(Exercise prompt) Look at the entries below and restate word for word the lines from the first through the one that has "6月23日,省分公司党委书记".

Source data:
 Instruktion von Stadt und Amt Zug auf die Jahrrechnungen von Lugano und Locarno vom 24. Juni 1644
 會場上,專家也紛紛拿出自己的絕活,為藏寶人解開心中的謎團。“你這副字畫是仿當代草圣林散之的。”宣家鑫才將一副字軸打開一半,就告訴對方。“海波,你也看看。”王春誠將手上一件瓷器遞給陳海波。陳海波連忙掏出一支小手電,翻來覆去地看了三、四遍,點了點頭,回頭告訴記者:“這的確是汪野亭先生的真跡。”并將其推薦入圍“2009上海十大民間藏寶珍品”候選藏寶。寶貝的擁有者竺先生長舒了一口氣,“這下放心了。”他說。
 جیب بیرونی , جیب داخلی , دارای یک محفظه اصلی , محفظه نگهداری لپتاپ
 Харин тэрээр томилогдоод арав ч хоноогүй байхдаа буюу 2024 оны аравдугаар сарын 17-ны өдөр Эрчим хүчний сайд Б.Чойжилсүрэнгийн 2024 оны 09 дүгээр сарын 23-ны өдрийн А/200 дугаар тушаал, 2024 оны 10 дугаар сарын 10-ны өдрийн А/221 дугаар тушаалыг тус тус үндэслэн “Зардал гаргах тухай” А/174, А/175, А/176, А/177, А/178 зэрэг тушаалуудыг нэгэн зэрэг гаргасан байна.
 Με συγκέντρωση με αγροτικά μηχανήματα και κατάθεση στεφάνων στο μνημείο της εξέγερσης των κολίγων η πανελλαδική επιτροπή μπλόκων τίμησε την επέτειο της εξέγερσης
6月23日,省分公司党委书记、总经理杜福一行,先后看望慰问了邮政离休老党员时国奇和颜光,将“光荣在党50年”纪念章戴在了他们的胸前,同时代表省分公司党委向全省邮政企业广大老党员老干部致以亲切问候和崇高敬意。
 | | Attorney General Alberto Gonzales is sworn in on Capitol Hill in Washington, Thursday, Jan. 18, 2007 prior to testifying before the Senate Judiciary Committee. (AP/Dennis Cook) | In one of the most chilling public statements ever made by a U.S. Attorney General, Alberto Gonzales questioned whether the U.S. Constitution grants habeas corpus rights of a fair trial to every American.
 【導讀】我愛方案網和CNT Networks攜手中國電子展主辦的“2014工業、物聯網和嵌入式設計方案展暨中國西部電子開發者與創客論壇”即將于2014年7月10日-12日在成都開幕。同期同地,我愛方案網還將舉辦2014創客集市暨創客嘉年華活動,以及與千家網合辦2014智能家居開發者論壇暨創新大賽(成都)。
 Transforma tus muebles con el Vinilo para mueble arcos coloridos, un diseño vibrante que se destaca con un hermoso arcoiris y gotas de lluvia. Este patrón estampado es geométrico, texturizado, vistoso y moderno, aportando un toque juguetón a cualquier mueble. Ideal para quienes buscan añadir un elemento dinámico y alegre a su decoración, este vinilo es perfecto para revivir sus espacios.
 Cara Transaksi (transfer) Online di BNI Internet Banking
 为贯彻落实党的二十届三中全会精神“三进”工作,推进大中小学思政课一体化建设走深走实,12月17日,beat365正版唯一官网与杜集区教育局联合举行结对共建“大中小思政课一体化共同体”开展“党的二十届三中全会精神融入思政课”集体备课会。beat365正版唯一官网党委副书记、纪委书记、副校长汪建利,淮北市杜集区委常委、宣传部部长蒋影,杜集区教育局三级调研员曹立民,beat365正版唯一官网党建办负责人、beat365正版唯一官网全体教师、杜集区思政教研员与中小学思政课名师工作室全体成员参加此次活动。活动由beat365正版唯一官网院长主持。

(Expected answer)
 Instruktion von Stadt und Amt Zug auf die Jahrrechnungen von Lugano und Locarno vom 24. Juni 1644
 會場上,專家也紛紛拿出自己的絕活,為藏寶人解開心中的謎團。“你這副字畫是仿當代草圣林散之的。”宣家鑫才將一副字軸打開一半,就告訴對方。“海波,你也看看。”王春誠將手上一件瓷器遞給陳海波。陳海波連忙掏出一支小手電,翻來覆去地看了三、四遍,點了點頭,回頭告訴記者:“這的確是汪野亭先生的真跡。”并將其推薦入圍“2009上海十大民間藏寶珍品”候選藏寶。寶貝的擁有者竺先生長舒了一口氣,“這下放心了。”他說。
 جیب بیرونی , جیب داخلی , دارای یک محفظه اصلی , محفظه نگهداری لپتاپ
 Харин тэрээр томилогдоод арав ч хоноогүй байхдаа буюу 2024 оны аравдугаар сарын 17-ны өдөр Эрчим хүчний сайд Б.Чойжилсүрэнгийн 2024 оны 09 дүгээр сарын 23-ны өдрийн А/200 дугаар тушаал, 2024 оны 10 дугаар сарын 10-ны өдрийн А/221 дугаар тушаалыг тус тус үндэслэн “Зардал гаргах тухай” А/174, А/175, А/176, А/177, А/178 зэрэг тушаалуудыг нэгэн зэрэг гаргасан байна.
 Με συγκέντρωση με αγροτικά μηχανήματα και κατάθεση στεφάνων στο μνημείο της εξέγερσης των κολίγων η πανελλαδική επιτροπή μπλόκων τίμησε την επέτειο της εξέγερσης
6月23日,省分公司党委书记、总经理杜福一行,先后看望慰问了邮政离休老党员时国奇和颜光,将“光荣在党50年”纪念章戴在了他们的胸前,同时代表省分公司党委向全省邮政企业广大老党员老干部致以亲切问候和崇高敬意。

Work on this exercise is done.